Коллектив авторов – Детство в европейских автобиографиях (страница 143)

18

На следующий день после того, который я описал, прибыли медики, чтобы исследовать мозг и специфическую природу болезни; в некоторых ее симптомах проявились озадачивающие аномалии. Через час после того, как незнакомцы ушли, я снова прокрался к комнате. Но дверь теперь была заперта, ключ убрали, и меня никогда уже больше туда не впустили.

Наступили похороны. Я был доставлен на церемонию прощания.
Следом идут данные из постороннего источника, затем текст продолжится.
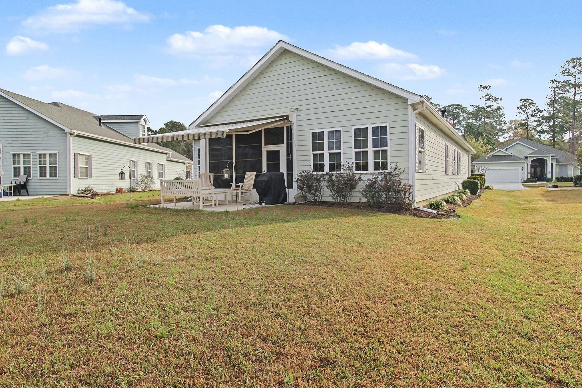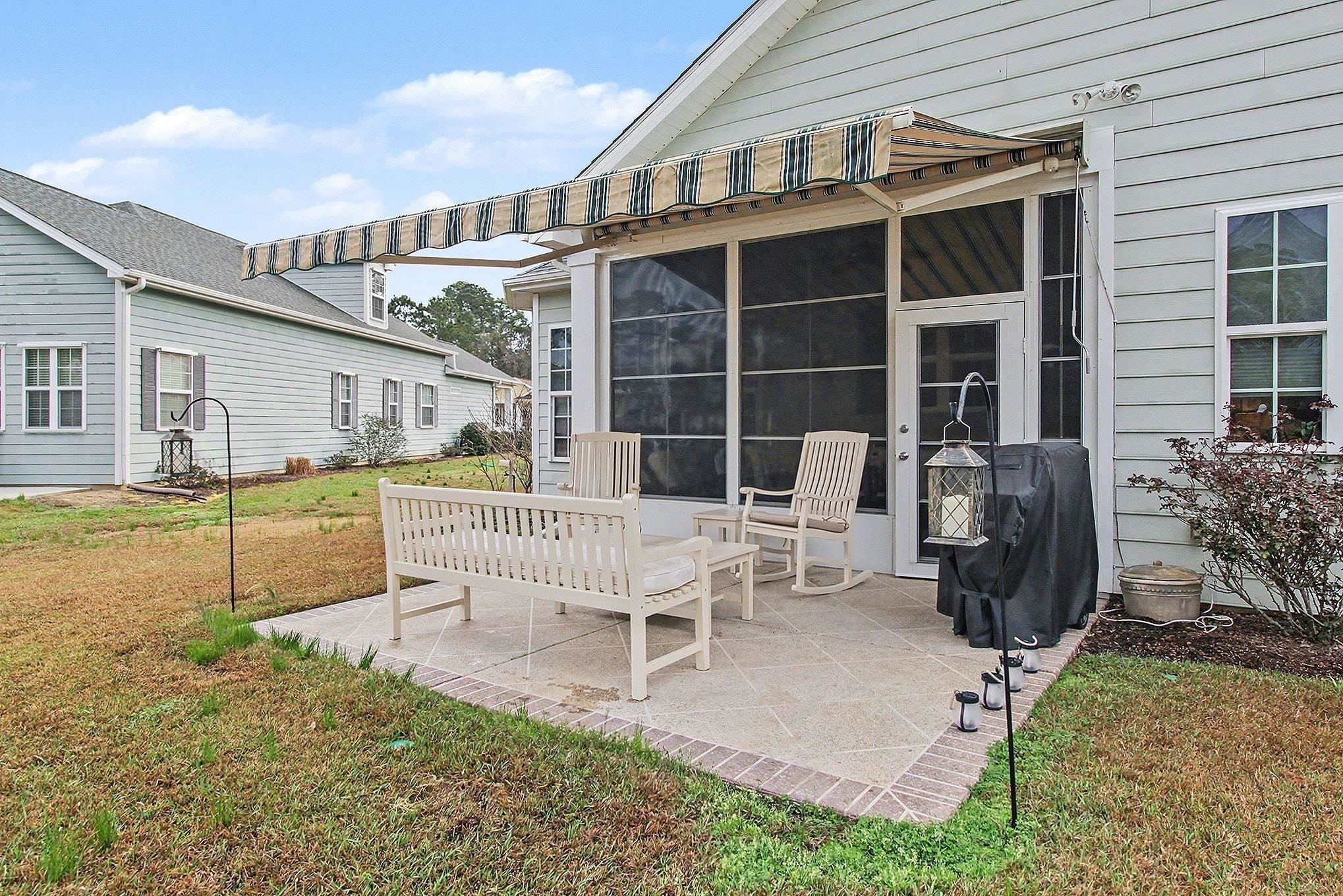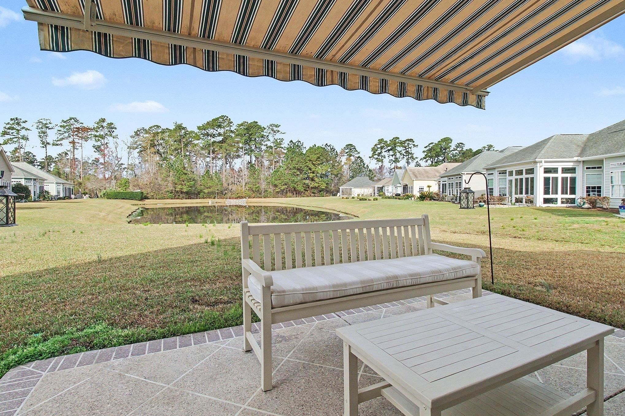 Discover easy coastal living in the sought-after Seasons at Prince Creek West, a gated 55+ community in charming Murrells Inlet. Perfectly positioned on a quiet street with peaceful pond views, this thoughtfully designed 3-bedroom, 2-bath ranch-style home offers the ideal blend of comfort, natural light, and effortless entertaining. Step inside to a welcoming foyer that opens to a spacious, light-filled floor plan with soaring ceilings and large windows that brighten the entire home. The main living area serves as the heart of the home, complete with a cozy gas fireplace and multiple dining spaces that make hosting gatherings with family and friends a breeze. The well-appointed kitchen features beautiful new countertops, stainless steel appliances, generous cabinetry, a pantry, breakfast bar seating, and a window overlooking the backyard. One of the home's most inviting spaces is the bright Carolina room, where walls of windows frame tranquil pond views and fill the room with natural light, an ideal spot for morning coffee, reading, or relaxing. From here, step into the all-season screened porch, designed for year-round enjoyment with the option to open it up for fresh coastal breezes or close it in for comfort during cooler months. The outdoor patio extends the living space even further, complete with a motorized retractable awning that provides shade at the touch of a button-perfect for outdoor dining or quiet afternoons outdoors. The split-bedroom layout ensures privacy for the primary suite, which features elegant tray ceilings, new carpeting, large windows, dual walk-in closets, and a spacious ensuite bath with double vanities, a glass-enclosed shower, linen storage, and a private water closet. Two additional bedrooms are generously sized, with one currently serving as a stylish office with French doors and flexible space for guests. Additional highlights include a covered front porch, a laundry room with extra storage and an attached two-car garage with shelving, and a new hot water heater. The community also offers natural gas and an HOA that includes internet service, lawn maintenance, irrigation, and weekly trash pickup-making everyday living even easier. Life in Seasons at Prince Creek West is centered around an active and social lifestyle. Residents enjoy a beautifully appointed clubhouse, fitness center, indoor and outdoor pools, tennis courts, bocce, shuffleboard, walking and biking trails, arts and crafts studio, billiards room, library, and a full calendar of social events. The location is just minutes from the famous Murrells Inlet MarshWalk, where waterfront dining, live music, and scenic views create a true Lowcountry experience. You'll also be close to Brookgreen Gardens, area state parks, shopping, healthcare, and the sandy shores of Garden City Beach. Beautifully maintained and ideally located, this home offers the perfect opportunity to enjoy the relaxed, active coastal lifestyle that makes Murrells Inlet so special.
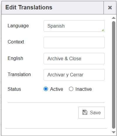 To edit a translation already done, you would click edit in the options column. You can then retype the corrected translation in that field and save. You can inactivate the label translation too.
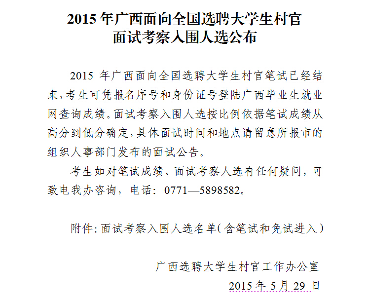 2015廣西大學(xué)生村官考試面試考察人選公布(面向全國)

Меня поместили в коляску с незнакомыми мне господами. Они были добры и внимательны ко мне, но естественно, что они говорили о вещах, далеких от случившегося, и я тяготился их беседой. В церкви мне сказали, чтобы я держал белый носовой платок у глаз. Пустое лицемерие!

Какая необходимость была в масках и притворстве тому, чье сердце умирало в груди с каждым произнесенным словом? В течение той части службы, которая проходила в пределах церкви, я делал усилия быть к ней внимательным, но постоянно погружался в свою собственную уединенную темноту и мало осознавал слышанное, кроме нескольких мимолетных стихов из возвышенной главы послания св. Павла, которая в Англии всегда читается на похоронах[709].

Наконец началась та великолепная литургия, которая в англиканской церкви исполняется на краю могилы; эта церковь не оставляет своих покойников, пока они находятся на земле, вплоть до последнего «сладкого и торжественного прощания»[710] у края могилы. Здесь снова и в последний раз выставляют гроб. Все глаза изучают запись имени, пола, возраста и дня ухода с земли – как наши записи призрачны – и как брошены они оказываются в темноту, – как послание, адресованное червям. Почти самым последним происходит символический ритуал, разрывающий и разбивающий сердце градом залпов, раскат за раскатом, из прекрасной артиллерии скорби. Гроб опускается в свой дом, он исчезает от всех глаз, кроме тех, которые смотрят в пропасть могилы. Уже готов ризничий с его совком земли и камней. Голос священника слышится еще раз – «земля к земле», – и немедленно страшный грохот поднимается от крышки гроба; «пепел к пеплу» – и снова слышится убийственный звук; «прах к праху» – и прощальный залп провозглашает, что могила, гроб, лицо запечатаны на веки вечные.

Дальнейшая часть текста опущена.